November 25th, 2010 3 comments

I’ve been meaning to write this post for ages and its been gnawing at my brain for months begging to be written so grab a big cuppa and settle down for a long one!

vCenter in my opinion is now the major weakness in VMware’s software lineup.  Unfortunately it is that big fat single point of failure that just doesn’t cut it any more in terms of availability.

Lets think back to when VirtualCenter as it was then called was unleashed on the world in 2003.

At the time it was the wonder application that connected your ESX servers together allowing the game changer that was VMotion. You could easily provision VMs from templates, monitor your hosts and VMs and generate alerts.  The VMware SDK was what allowed the building of PowerCLI, one of the best powershell examples out there.  The VMware management layer was born.

Since then Virtual Center became vCenter and until probably some time last year this was all good. It was a great single pane of glass to look at and manage your virtual environment, hosts, clusters, resource groups, DRS, vMotion, HA etc.
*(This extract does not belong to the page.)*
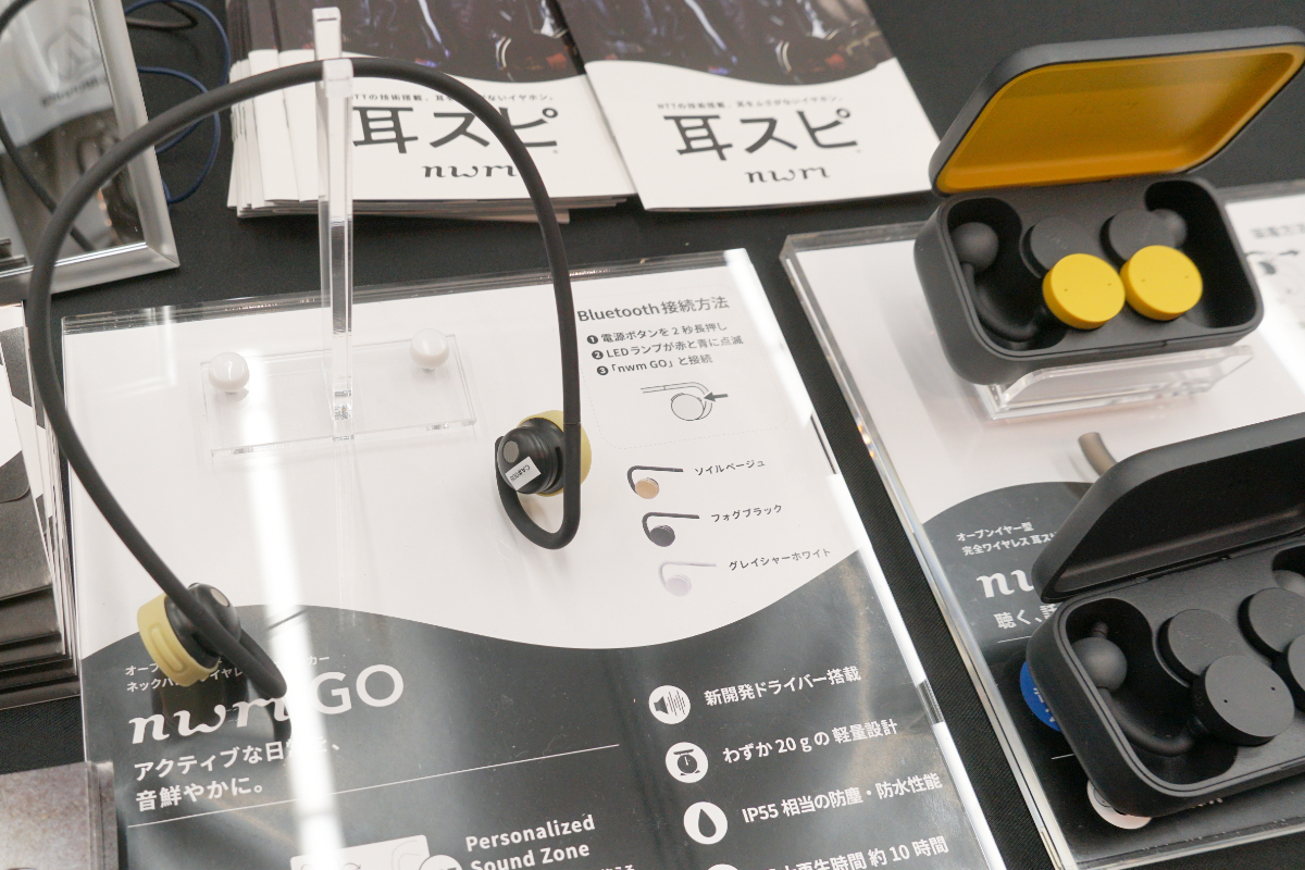 nwmブランドの“耳スピ”では、フラグシップのヘッドホン型「nwm ONE」、ネックバンド型「nwm GO」、完全ワイヤレスの「nwm DOTS」といった各種を用意。もちろん各モデルとも試聴が行えるようになっていた。

It didn’t need to be highly available.  If vCenter went down vMotion and DRS would be affected and you wouldn’t be able to provision new VMs but your underlying VMs running on the hosts would not be affected.  HA was configured in vCenter but the information was held on the hosts so even if vCenter failed HA would still be able to recover VMs in the event of a host failure.

Now the situation is very different, there are more and more VMware management products that rely on vCenter.  Have a look at the VMware Management Products picture in the VMware Virtualization and Cloud Management solutions overview.

That’s a lot of applications that now rely on vCenter and this doesn’t even cover everything.